[Start of Attachment]

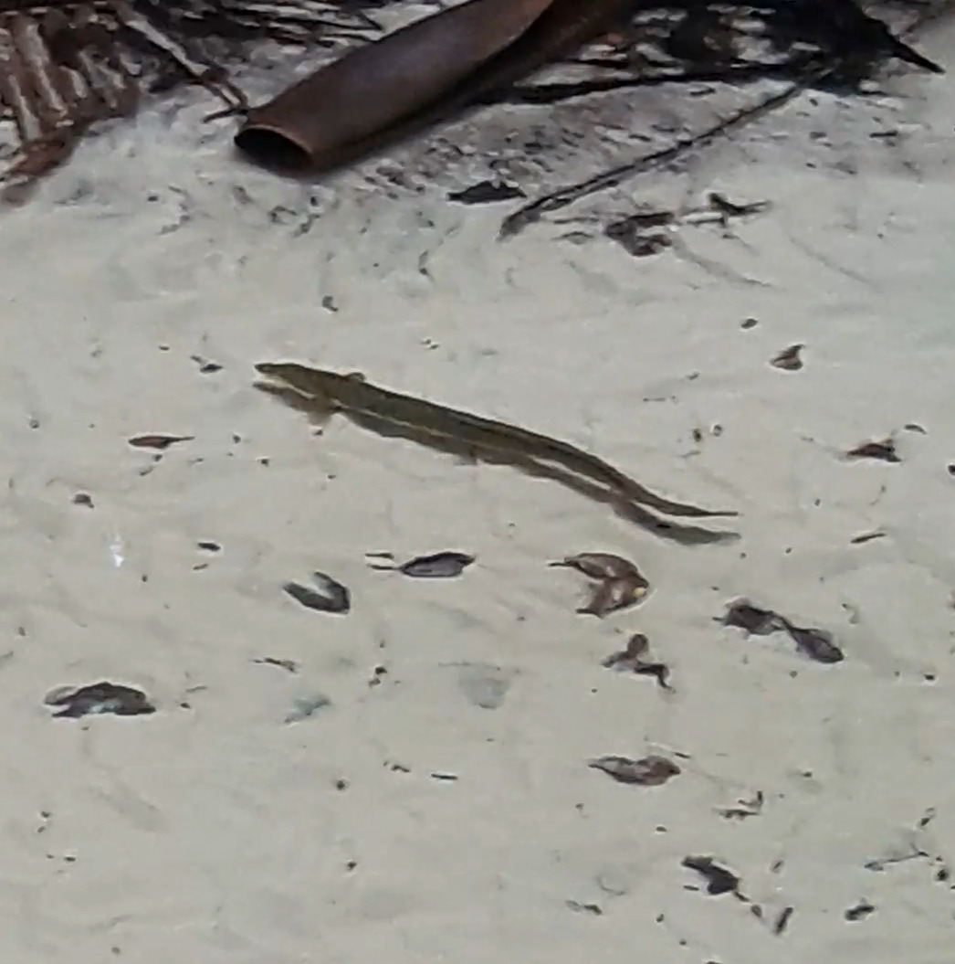 프레이저 섬의 중앙 우림 (Central Station/Rainforest)이었다. 맑은 호수에서 내려온 개울이 흐리고 열대 우림이 가득한 지역이었다. 그곳에 도착하니 다시 비가 내리기 시작했다. 큰 폭우는 아니었지만 주룩주룩 열대 우림 속에 내리는 비는 불편함보다는 여행객의 감성을 자극하기 충분했다. 비를 맞으며 열대우림 걷는 것도 하나의 추억이었다. 우리 일행은 열대우림을 산책하고 차량 기사는 식사 장소에서 바비큐 요리를 하며 관광객들의 점심 식사를 준비했다. 열대우림을 걸으면서 우연히 개울 속의 민물장어 한 마리를 발견했다. 실제 자연 속에서 민물장어를 만난 것은 처음이었다. 크기도 어마어마했다. 하류를 향해 내려가는 모습. 문뜩 신해철의 '민물장어의 꿈' 노래 가사가 생각이 났다.
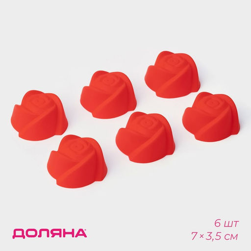 • Формы для выпечки кексов Доляна «Розочки», силикон, 7×3.5 см, набор 6 шт., МИКС
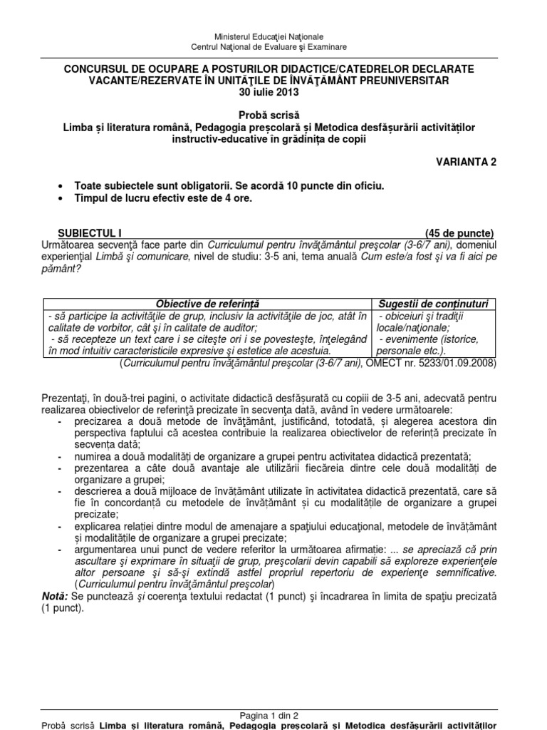 Pdf rezolvare subiecte educatori 2013 titularizare subiecte rezolvate titularizare și definitivat educatori rezolvare subiecte educatori 2013subiectul i pentru realizarea celor doua obiective am ales tema craciunul iar ca metode povestirea si turul galeriei. A principiul selectiei si al ierarhizarii cultural care consta in realizarea unei stranse legaturi intre domenii stiintifice si cultural ale umanitatii si domeniile curricumu ului scolar astfel disciplinele scolare au fost stabilite grupate si ierarhizate in categorii mai largi formandu se ariile curriculare. Subiecte din 2019 si informatii utile.
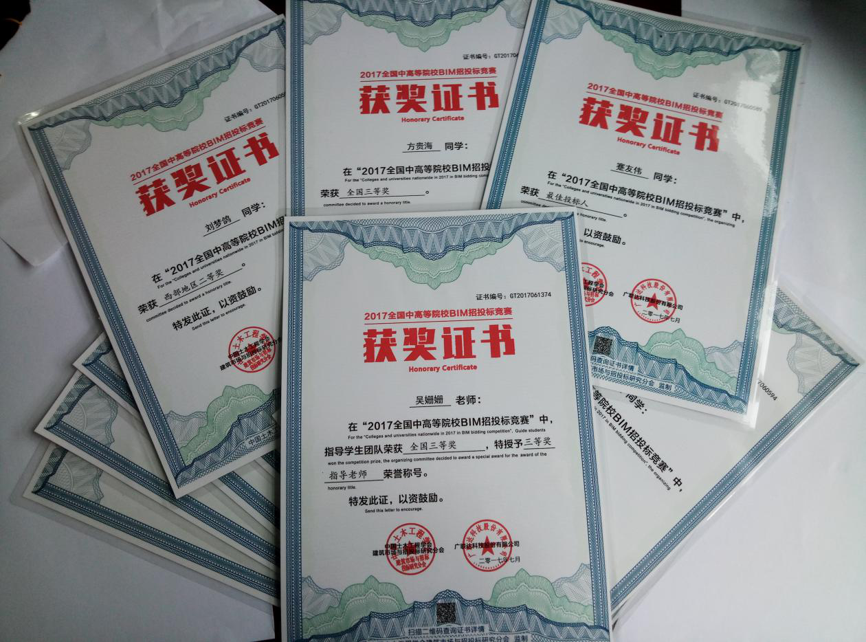 铁道与建筑工程系学子荣获 “全国中高等院校首届BIM招投标网络竞赛”全国三等奖
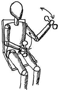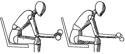 6. ИП: сидя на стуле. Предплечья расположены на бедрах таким образом, чтобы кисть могла опускаться за колено. Ладонь руки обращена вниз. В руке – небольшая гантель или диск весом 0,5 кг. При выполнении упражнения необходимо немного согнуться вперед в талии с небольшим разгибанием спины. Поднимать и опускать груз, сохраняя предплечье неподвижным, разгибая только запястье. При выполнении этих упражнений необходимо обратить внимание на осанку, не горбиться (рис. 6.11).
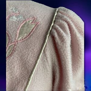 Fabulous fuzzy soft feminine Christian Dior designer front zip robe. Beautiful embroidered and applicae ribbon design on the front. Very soft fabric, 2 side pockets, gathered cuff sleeves. Very nice condition. Please see all photos for full description.
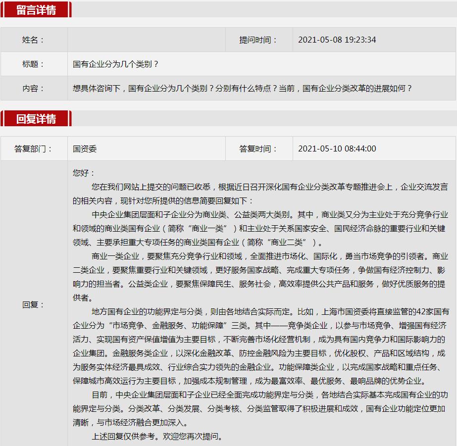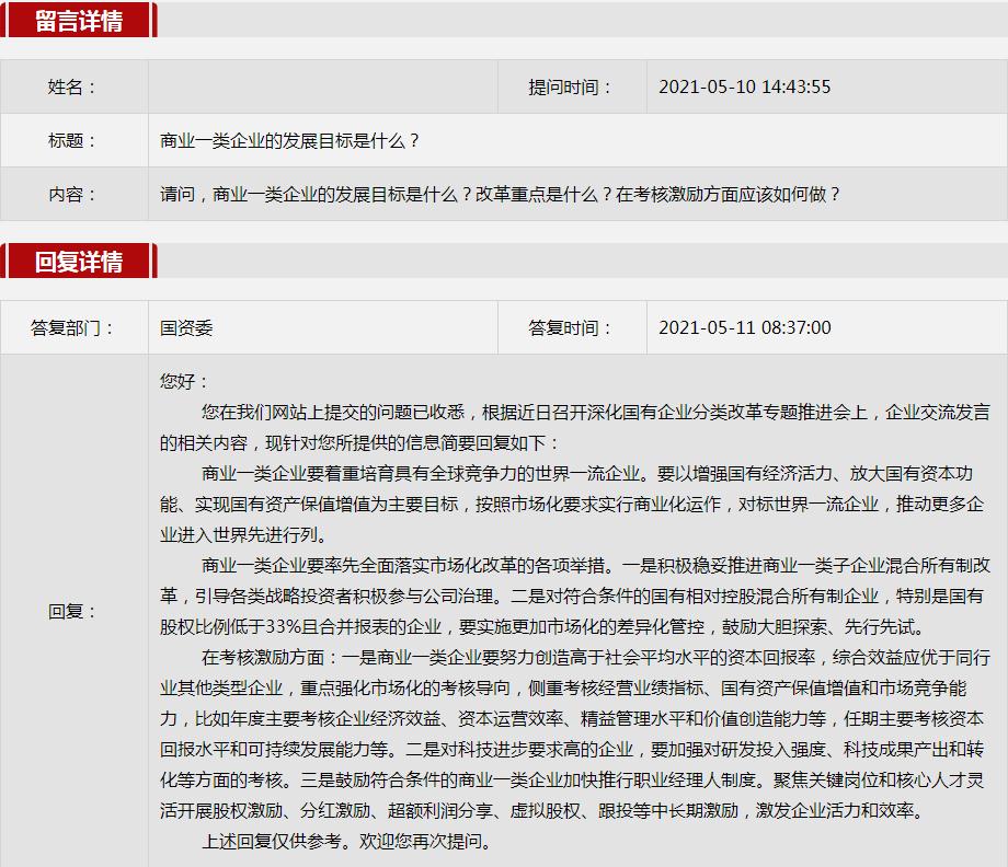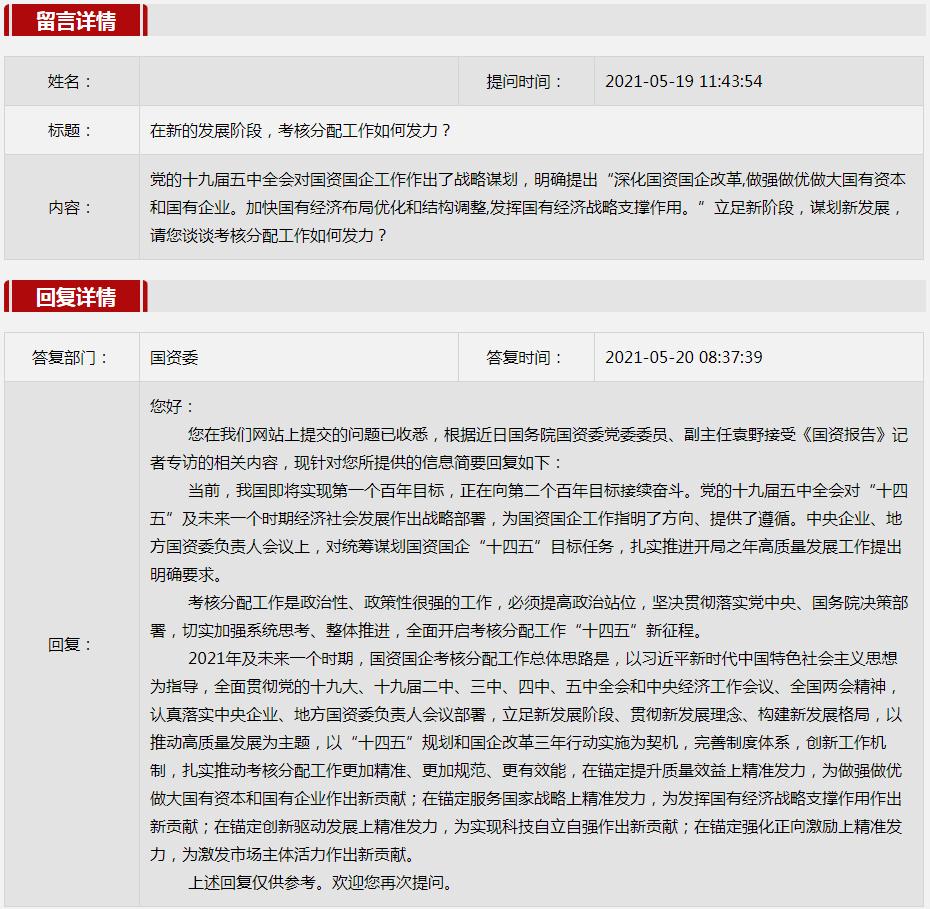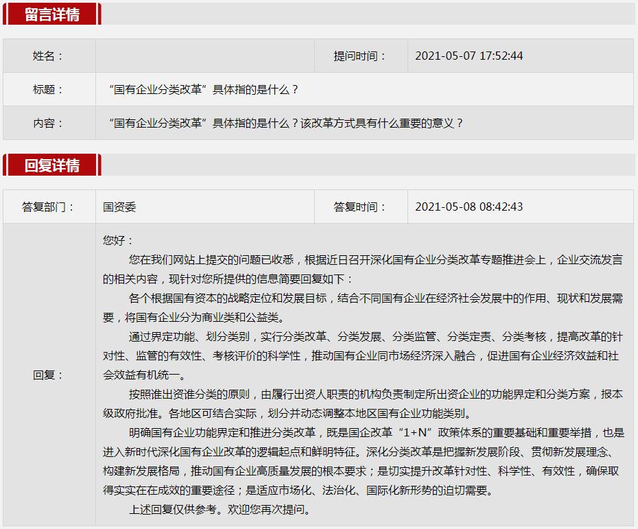 2021年5月國(guó)資委網(wǎng)站政務(wù)咨詢欄目部分網(wǎng)友提出的咨詢,我們初步做出了認(rèn)真的回應(yīng),現(xiàn)選擇五條關(guān)注度高、點(diǎn)擊量高的問題,再次推薦分享。

[End of Attachment]

• [WHAT TO WORK ON]:
Leave out the pictures and repeat exactly the lines from the first line of the data through the line containing "6 шт., МИКС". Add nothing else.

• [EXERCISE ANSWER]:
 프레이저 섬의 중앙 우림 (Central Station/Rainforest)이었다. 맑은 호수에서 내려온 개울이 흐리고 열대 우림이 가득한 지역이었다. 그곳에 도착하니 다시 비가 내리기 시작했다. 큰 폭우는 아니었지만 주룩주룩 열대 우림 속에 내리는 비는 불편함보다는 여행객의 감성을 자극하기 충분했다. 비를 맞으며 열대우림 걷는 것도 하나의 추억이었다. 우리 일행은 열대우림을 산책하고 차량 기사는 식사 장소에서 바비큐 요리를 하며 관광객들의 점심 식사를 준비했다. 열대우림을 걸으면서 우연히 개울 속의 민물장어 한 마리를 발견했다. 실제 자연 속에서 민물장어를 만난 것은 처음이었다. 크기도 어마어마했다. 하류를 향해 내려가는 모습. 문뜩 신해철의 '민물장어의 꿈' 노래 가사가 생각이 났다.
 • Формы для выпечки кексов Доляна «Розочки», силикон, 7×3.5 см, набор 6 шт., МИКС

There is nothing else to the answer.